At the time of designation, molybdenum cofactor deficiency type A affected less than 0.01 people in 10,000 per year in the European Union (EU)*. This is equivalent to a total of fewer than 500 people per year, which was considered to be below the threshold for orphan designation. This is based on the information provided by the sponsor and the knowledge of the Committee for Orphan Medicinal Products (COMP).

*Disclaimer: For the purpose of the designation, the number of patients affected by the condition is estimated and assessed on the basis of data from the European Union (EU 27), Norway, Iceland and Liechtenstein. At the time of designation, this represented a population of 506,300,000 (Eurostat 2010).

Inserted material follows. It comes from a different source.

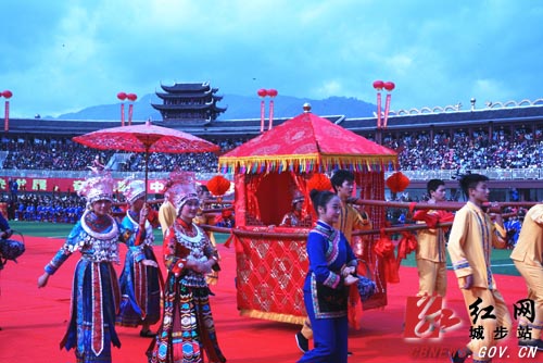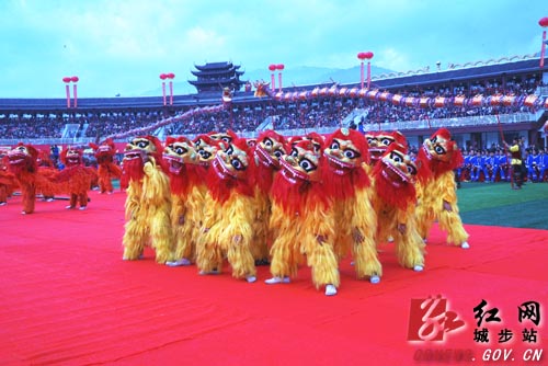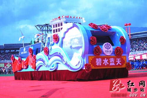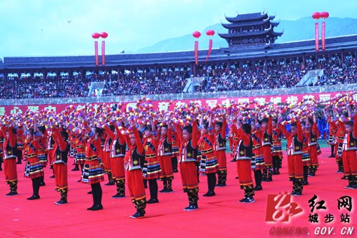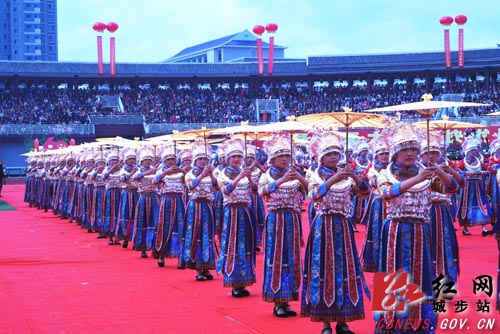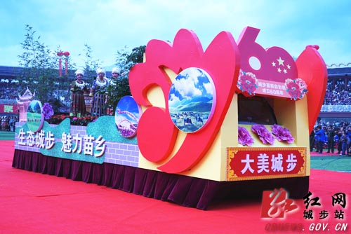庆祝大会上,热情好客、勤劳智慧的城步人民用独特的入场仪式欢迎各级领导嘉宾,并向来宾展示苗乡六十年的山乡巨变和辉煌成就。以苗乡吊龙、芦笙、山歌为代表组成的文化方阵率先入场,用绚丽多彩的城步特色文化展示着30万苗乡儿女如今生活的幸福喜悦;代表希望篇的“大美城步”“龙腾祥云”“多彩苗乡”“碧水蓝天”“振兴乐章”“千秋大业”六台彩车方阵则集中展示了苗乡城步六十年来在城镇建设、生态旅游、交通发展、生态农业、特色产业、风力发电、新型工业、文化教育等方面取得的喜人成绩。表达希望篇的青少年方阵、财税方阵、金融方阵、卫生方阵、民生方阵、民族方阵最后闪亮登场,向现场来宾展示着城步各族同胞对全面小康建设和城步未来的憧憬和期望。

At the time of designation, no satisfactory methods were authorised in the EU for the treatment of molybdenum-cofactor deficiency type A. Treatments aimed at relieving the symptoms of the disease, such as using medicines to control seizures, and at providing general support to help care for the patients.

To make this medicine, cyclic pyranopterin monophosphate is extracted from bacteria and then purified. It is expected to work by providing molybdenum-cofactor-deficiency-type-A patients with the substance that they are lacking. The body is expected to use this medicine to produce molybdenum cofactor, allowing it to start producing molybdenum-dependent enzymes and reducing the levels of sulfite in the brain.

At the time of submission of the application for orphan designation, the evaluation of the effects of cyclic pyranopterin monophosphate in experimental models was ongoing.

At the time of submission of the application for orphan designation, three patients had been treated with cyclic pyranopterin monophosphate.

At the time of submission, cyclic pyranopterin monophosphate was not authorised anywhere in the EU for the treatment of molybdenum-cofactor deficiency type A. Orphan designation of cyclic pyranopterin monophosphate had been granted in United States for the treatment of this condition.

In accordance with Regulation (EC) No 141/2000 of 16 December 1999, the COMP adopted a positive opinion on 2 June 2010 recommending the granting of this designation.

• the seriousness of the condition;
• the existence of alternative methods of diagnosis, prevention or treatment;
• either the rarity of the condition (affecting not more than 5 in 10,000 people in the EU) or insufficient returns on investment.

Designated orphan medicinal products are products that are still under investigation and are considered for orphan designation on the basis of potential activity. An orphan designation is not a marketing authorisation. As a consequence, demonstration of quality, safety and efficacy is necessary before a product can be granted a marketing authorisation.